Muchas cosas en juego. Y cada vez veo al equipo mejor asentado, más seguro y tan roca atrás como en los años precedentes.
No me quiero despedir de este comentario sin dar un viva al fútbol como deporte. Y que cualquier afición tiene que ser bienvenida al campo de una de las mejores aficiones del mundo.
Forza Atleti!

Álvaro Men dijo...

Es lamentable la cantidad de gente despreciable que se esconde tras lo que debiera ser un sano entretenimiento.

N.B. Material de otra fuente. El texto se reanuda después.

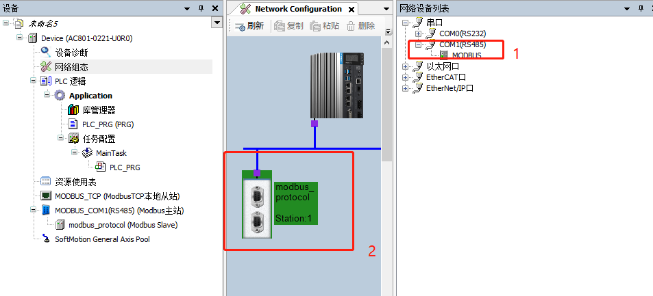 2、点击网络组态在网络设备列表找到RS485双击
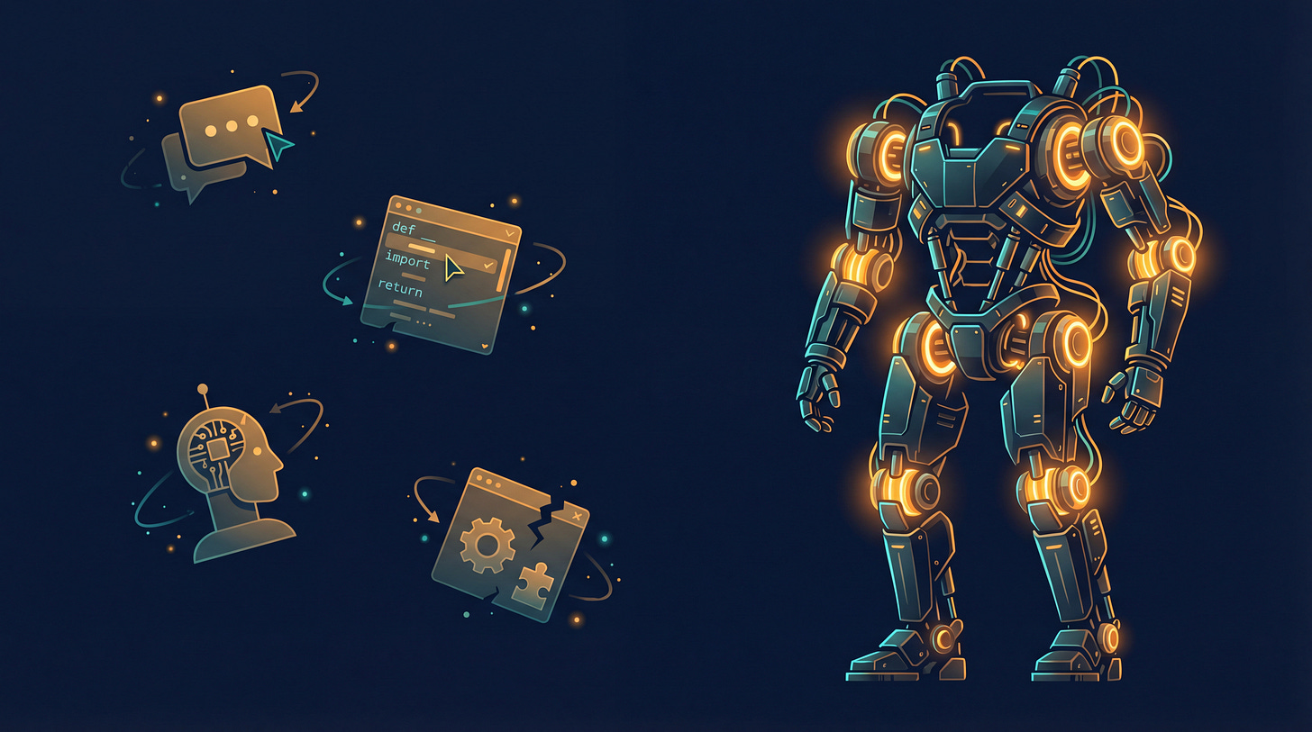 The metaphor I keep landing on is exoskeleton. I’ve used it before in The Data Paradox: AI isn’t your coworker, it’s your exoskeleton. A copilot sits next to you. An exoskeleton is load-bearing. You move differently because it’s on. You attempt things you would not attempt without it.
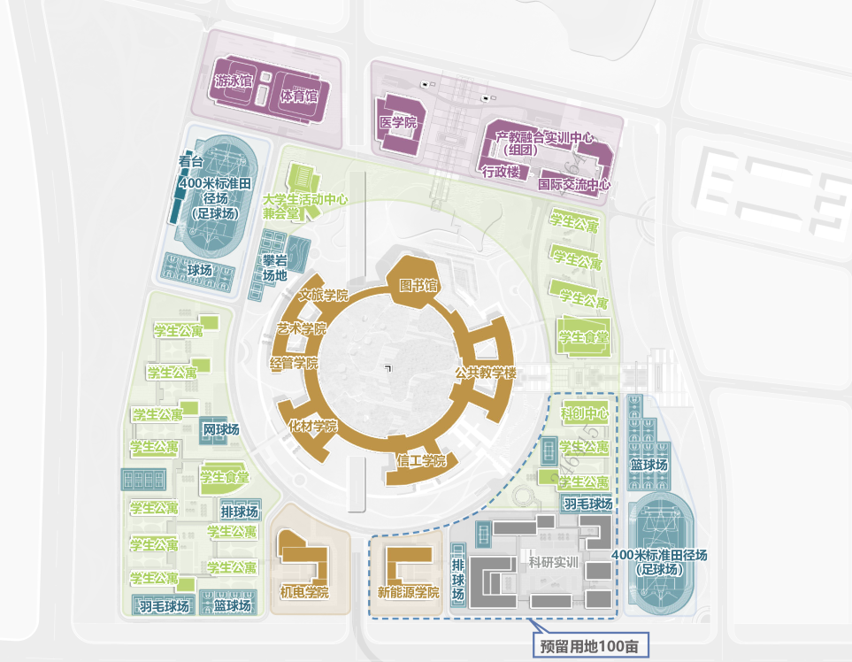 校园设计▼校园设计秉承与城市共享、与地域共荣、与自然共生、与未来共建的理念,以一芯一环三轴为组团,环环相扣,层层联系,努力打造布局合理、功能齐全的万人高校,并成为集教学科研、合作交流、生活保障、体育运动、绿色智慧为一体的“四省边际职业教育高地”。

Un apunte: Ya son varias las fuentes que desmienten la "quedada" y apuntan más a una emboscada.

Anónimo dijo...

Buenas tardes Jose, por no repetirme mucho, totalmente de acuerdo con lo que has comentando de ir al futbol con miedo(mi primer derbi fue con 16 años, no digo mas)BASTA YA¡¡
Queria centrarme en lo que has comentado de Alessio Cerci, ya que por la tele se le vio con ganas cuando recibia el balon, claro esta que no se le enfocaba cuando no lo tenia. Y sinceramente me fio mucho mas de ti, espero que o El Cholo lo recupere, o fuera en Diciembre para no perder mucho mas dinero. Un saludo FORZA ATLETI¡¡OSCAR15

Gerardo Fernández dijo...

Enhorabuena por la crónica Jose. Muy valiente denunciar todo lo que sucede. Yo también he sufrido quedarme de pequeño en casa cuando mi madre y abuelo iban al Calderón por "si pasa algo". Gente así sobra en el fútbol, porque para ellos no es un deporte, es una mera excusa para lucir su ideología y de paso pagar su frustración. Espero que los echen de allí cuanto antes, lo cómodo es lo que dijo Cerezo, que eso no tiene que ver con el Atleti.